# Action item
Every entry is to be returned unchanged, and no picture is to be included.

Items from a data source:

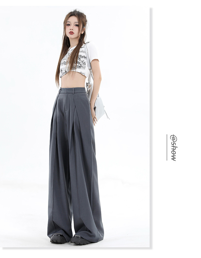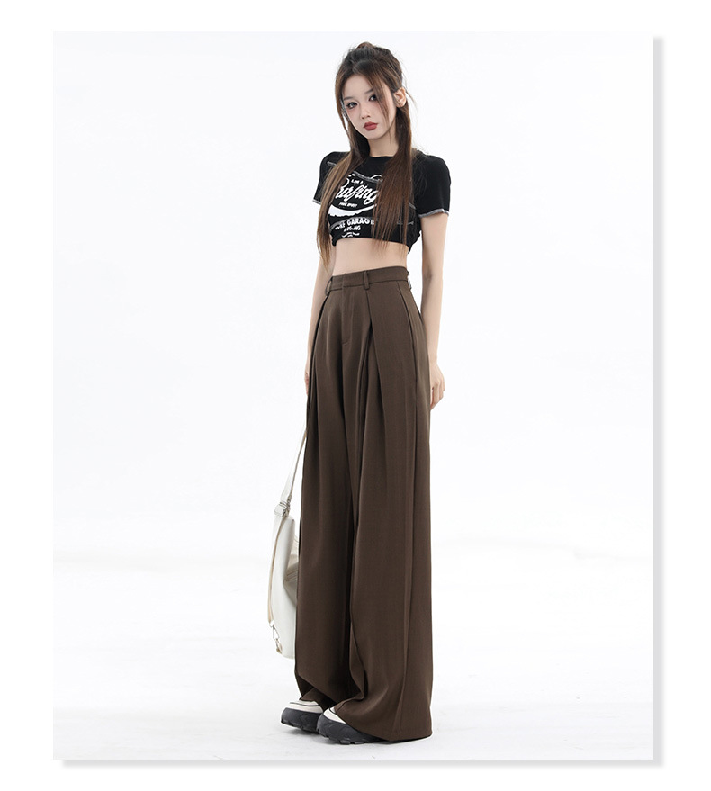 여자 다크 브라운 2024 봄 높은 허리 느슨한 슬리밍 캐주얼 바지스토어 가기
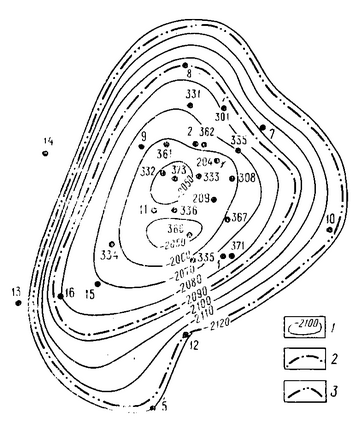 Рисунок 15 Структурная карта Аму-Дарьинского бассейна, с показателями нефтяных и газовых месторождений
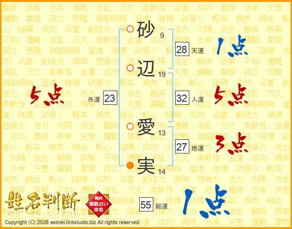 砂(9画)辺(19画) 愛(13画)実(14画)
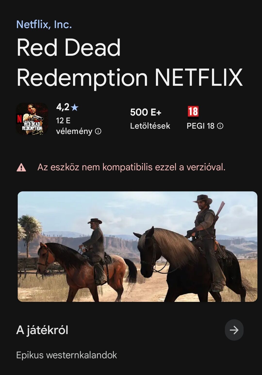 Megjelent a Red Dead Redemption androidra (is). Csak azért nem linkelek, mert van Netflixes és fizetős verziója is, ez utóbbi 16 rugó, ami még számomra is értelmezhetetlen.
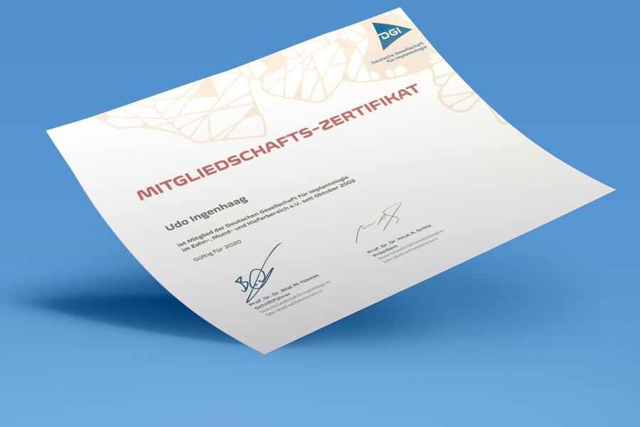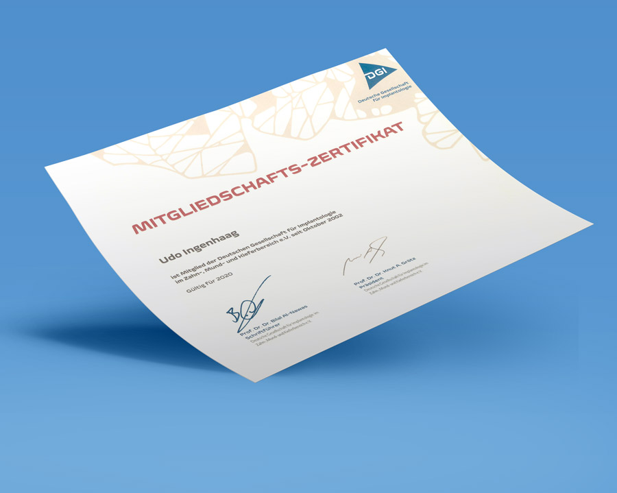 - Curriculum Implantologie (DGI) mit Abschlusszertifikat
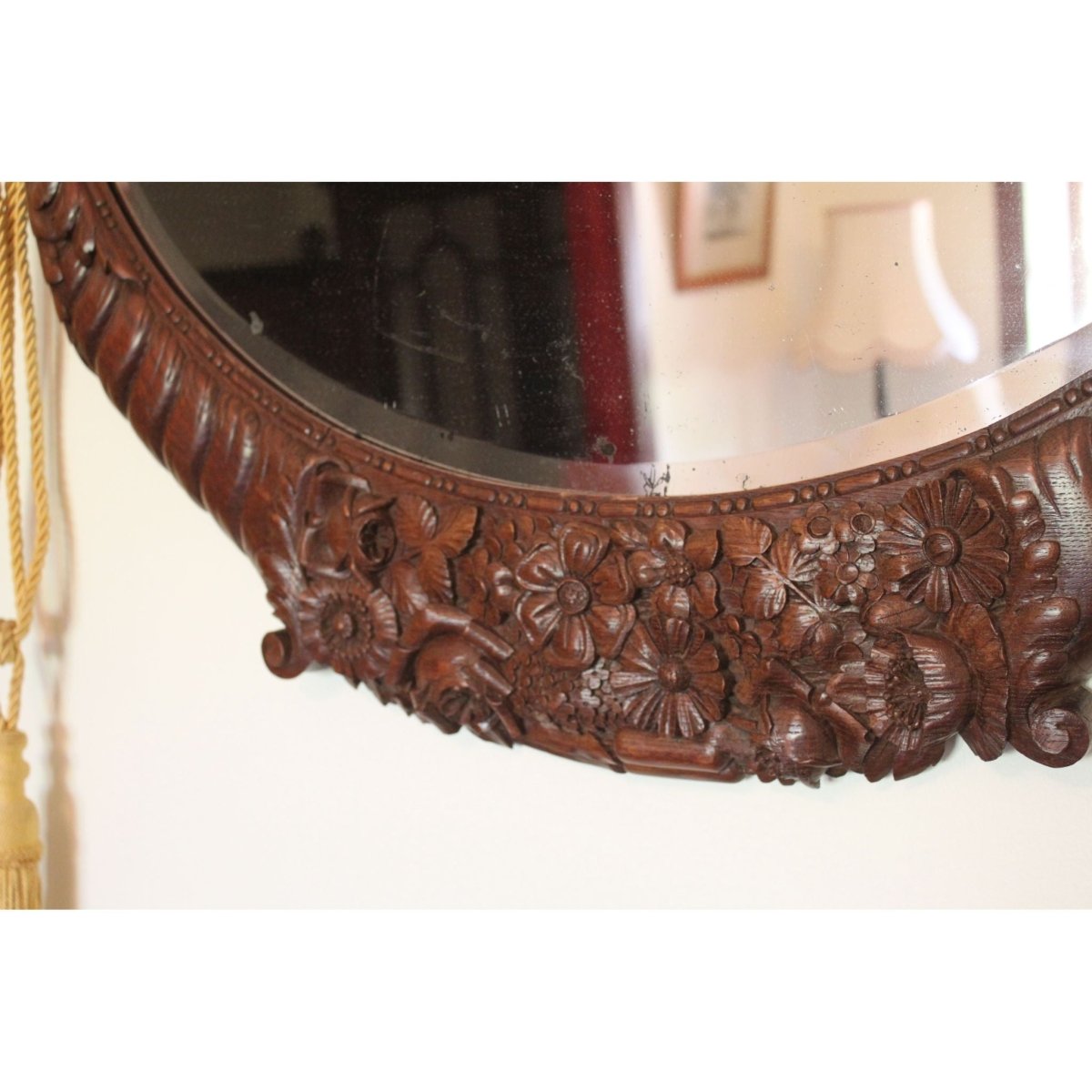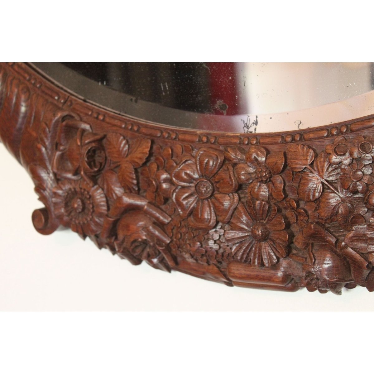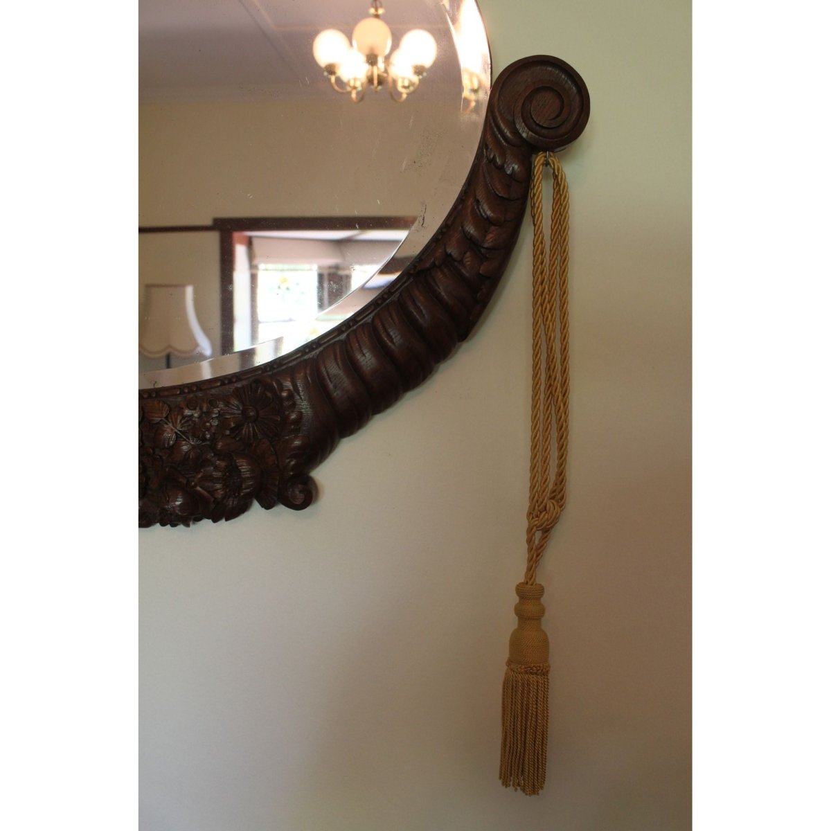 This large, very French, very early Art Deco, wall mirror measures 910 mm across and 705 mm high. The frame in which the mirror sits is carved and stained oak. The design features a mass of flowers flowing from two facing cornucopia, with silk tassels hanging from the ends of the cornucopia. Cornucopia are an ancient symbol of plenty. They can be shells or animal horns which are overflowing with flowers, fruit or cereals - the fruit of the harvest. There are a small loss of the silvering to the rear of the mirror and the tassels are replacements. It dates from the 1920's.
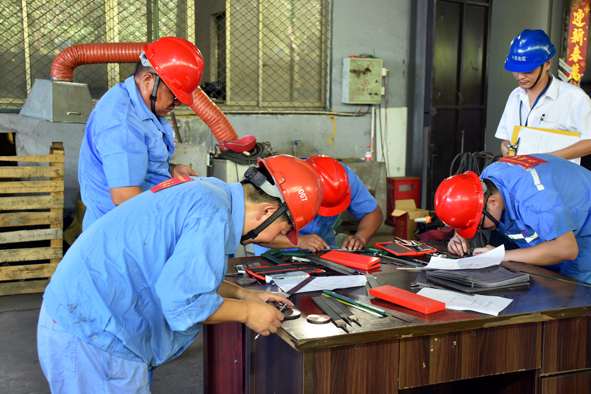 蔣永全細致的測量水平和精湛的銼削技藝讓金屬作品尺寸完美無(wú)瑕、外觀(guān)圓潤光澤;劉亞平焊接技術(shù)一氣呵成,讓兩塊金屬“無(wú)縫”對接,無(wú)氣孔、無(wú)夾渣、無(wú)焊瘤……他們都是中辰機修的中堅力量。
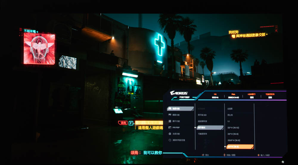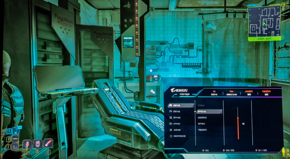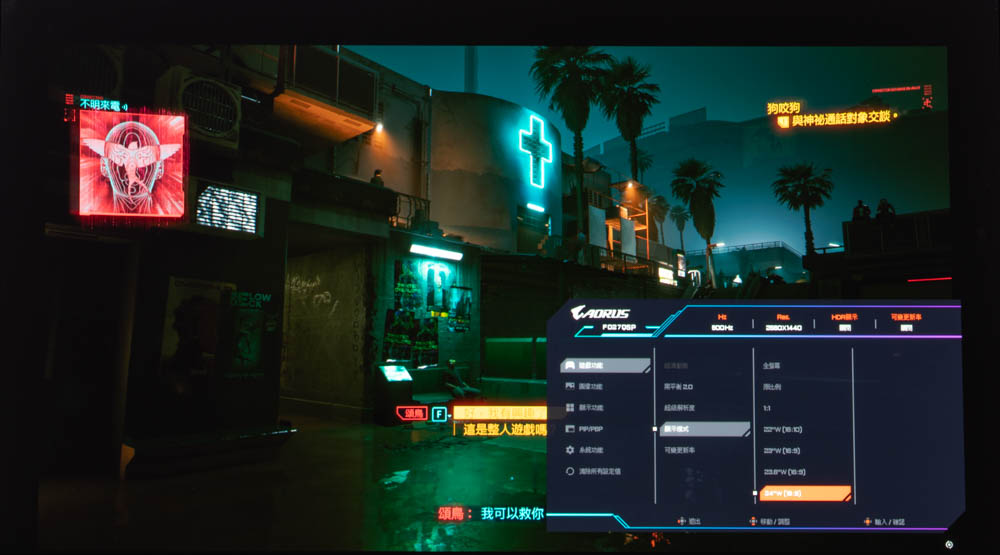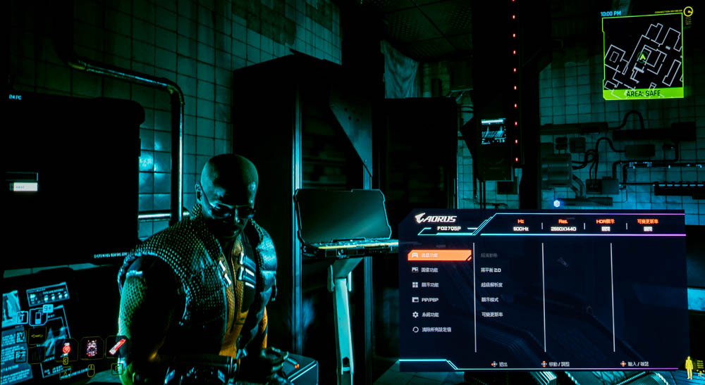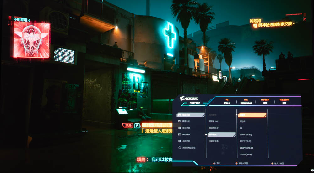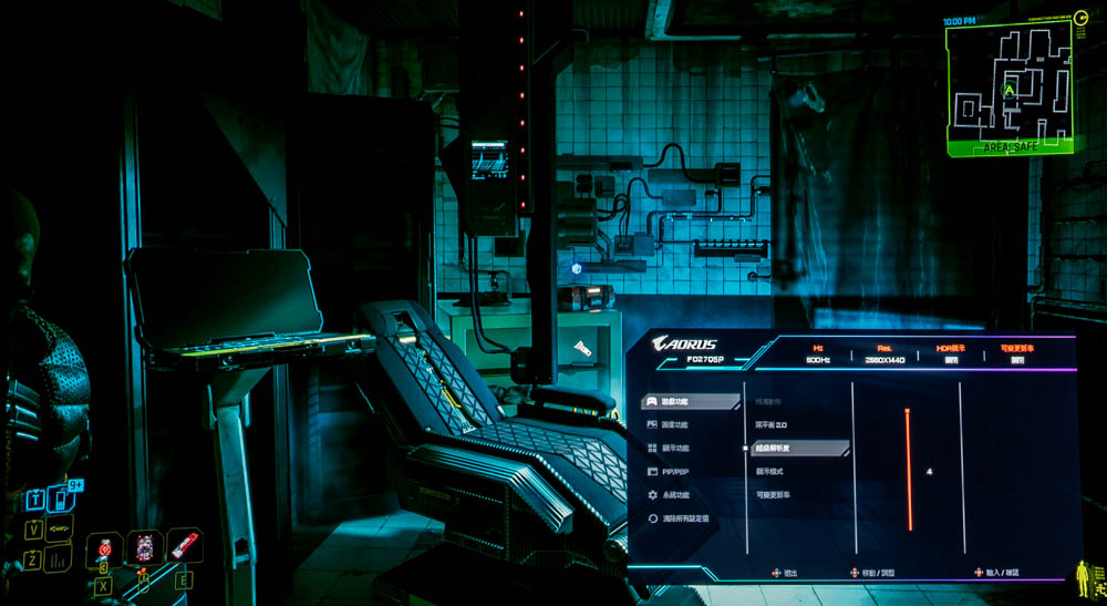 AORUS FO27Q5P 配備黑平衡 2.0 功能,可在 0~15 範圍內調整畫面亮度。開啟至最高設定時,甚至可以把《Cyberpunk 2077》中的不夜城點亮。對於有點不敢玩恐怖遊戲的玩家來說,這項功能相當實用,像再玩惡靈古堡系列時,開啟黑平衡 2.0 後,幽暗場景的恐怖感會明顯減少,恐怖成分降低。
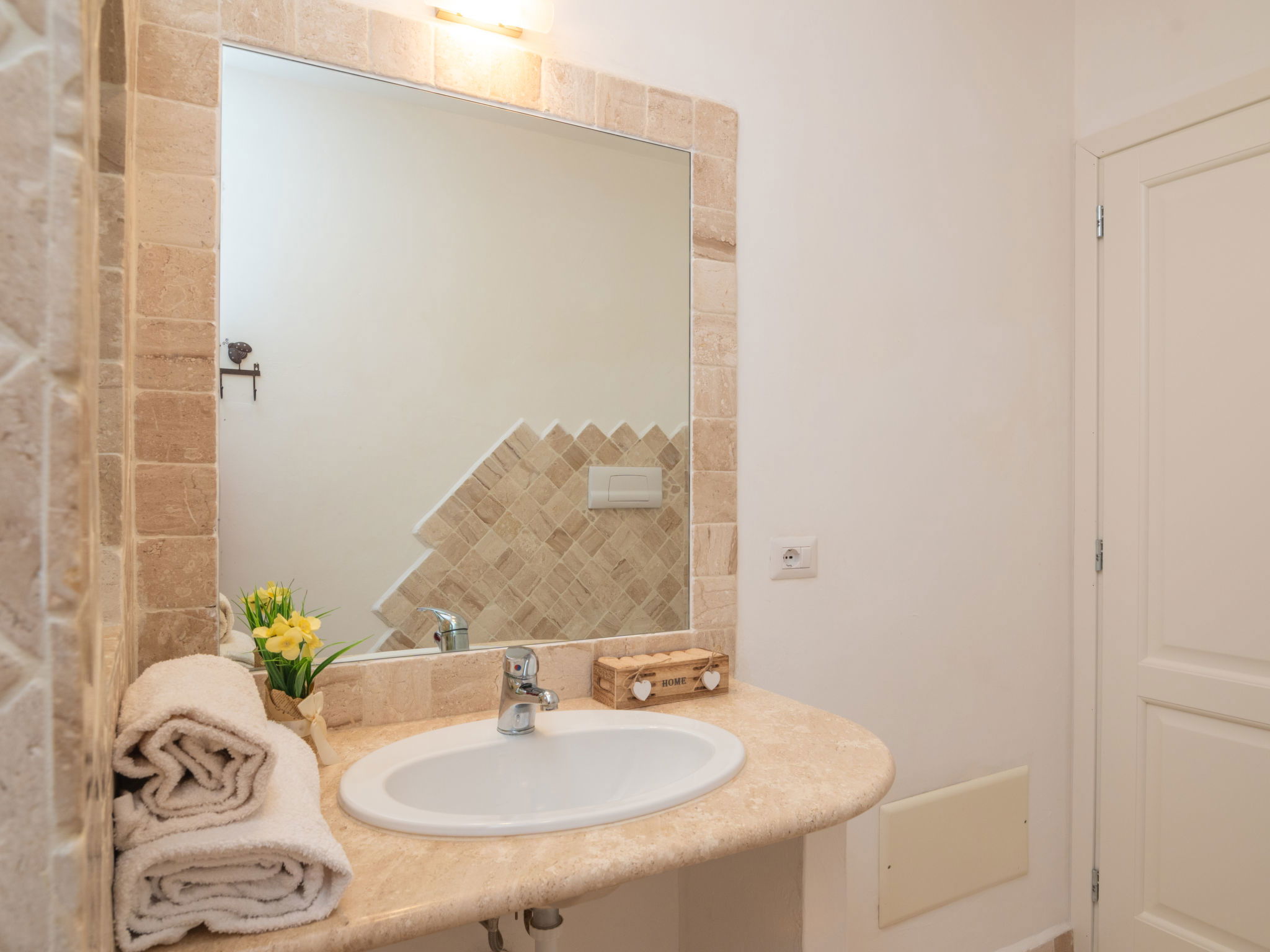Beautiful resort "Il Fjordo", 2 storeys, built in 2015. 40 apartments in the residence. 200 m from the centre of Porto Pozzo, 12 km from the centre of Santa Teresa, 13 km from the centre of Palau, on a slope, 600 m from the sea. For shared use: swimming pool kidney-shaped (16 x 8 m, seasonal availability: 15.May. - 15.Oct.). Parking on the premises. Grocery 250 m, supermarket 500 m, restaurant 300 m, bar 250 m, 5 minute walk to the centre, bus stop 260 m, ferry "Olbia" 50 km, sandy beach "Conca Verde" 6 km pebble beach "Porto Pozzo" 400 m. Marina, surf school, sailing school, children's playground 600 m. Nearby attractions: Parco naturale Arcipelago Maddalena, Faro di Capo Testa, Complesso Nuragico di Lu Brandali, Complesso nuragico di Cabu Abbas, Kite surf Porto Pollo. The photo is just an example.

# Solution
 여자 다크 브라운 2024 봄 높은 허리 느슨한 슬리밍 캐주얼 바지스토어 가기
 Рисунок 15 Структурная карта Аму-Дарьинского бассейна, с показателями нефтяных и газовых месторождений
 砂(9画)辺(19画) 愛(13画)実(14画)
 Megjelent a Red Dead Redemption androidra (is). Csak azért nem linkelek, mert van Netflixes és fizetős verziója is, ez utóbbi 16 rugó, ami még számomra is értelmezhetetlen.
 - Curriculum Implantologie (DGI) mit Abschlusszertifikat
 This large, very French, very early Art Deco, wall mirror measures 910 mm across and 705 mm high. The frame in which the mirror sits is carved and stained oak. The design features a mass of flowers flowing from two facing cornucopia, with silk tassels hanging from the ends of the cornucopia. Cornucopia are an ancient symbol of plenty. They can be shells or animal horns which are overflowing with flowers, fruit or cereals - the fruit of the harvest. There are a small loss of the silvering to the rear of the mirror and the tassels are replacements. It dates from the 1920's.
 蔣永全細致的測量水平和精湛的銼削技藝讓金屬作品尺寸完美無(wú)瑕、外觀(guān)圓潤光澤;劉亞平焊接技術(shù)一氣呵成,讓兩塊金屬“無(wú)縫”對接,無(wú)氣孔、無(wú)夾渣、無(wú)焊瘤……他們都是中辰機修的中堅力量。
 AORUS FO27Q5P 配備黑平衡 2.0 功能,可在 0~15 範圍內調整畫面亮度。開啟至最高設定時,甚至可以把《Cyberpunk 2077》中的不夜城點亮。對於有點不敢玩恐怖遊戲的玩家來說,這項功能相當實用,像再玩惡靈古堡系列時,開啟黑平衡 2.0 後,幽暗場景的恐怖感會明顯減少,恐怖成分降低。
Beautiful resort "Il Fjordo", 2 storeys, built in 2015. 40 apartments in the residence. 200 m from the centre of Porto Pozzo, 12 km from the centre of Santa Teresa, 13 km from the centre of Palau, on a slope, 600 m from the sea. For shared use: swimming pool kidney-shaped (16 x 8 m, seasonal availability: 15.May. - 15.Oct.). Parking on the premises. Grocery 250 m, supermarket 500 m, restaurant 300 m, bar 250 m, 5 minute walk to the centre, bus stop 260 m, ferry "Olbia" 50 km, sandy beach "Conca Verde" 6 km pebble beach "Porto Pozzo" 400 m. Marina, surf school, sailing school, children's playground 600 m. Nearby attractions: Parco naturale Arcipelago Maddalena, Faro di Capo Testa, Complesso Nuragico di Lu Brandali, Complesso nuragico di Cabu Abbas, Kite surf Porto Pollo. The photo is just an example.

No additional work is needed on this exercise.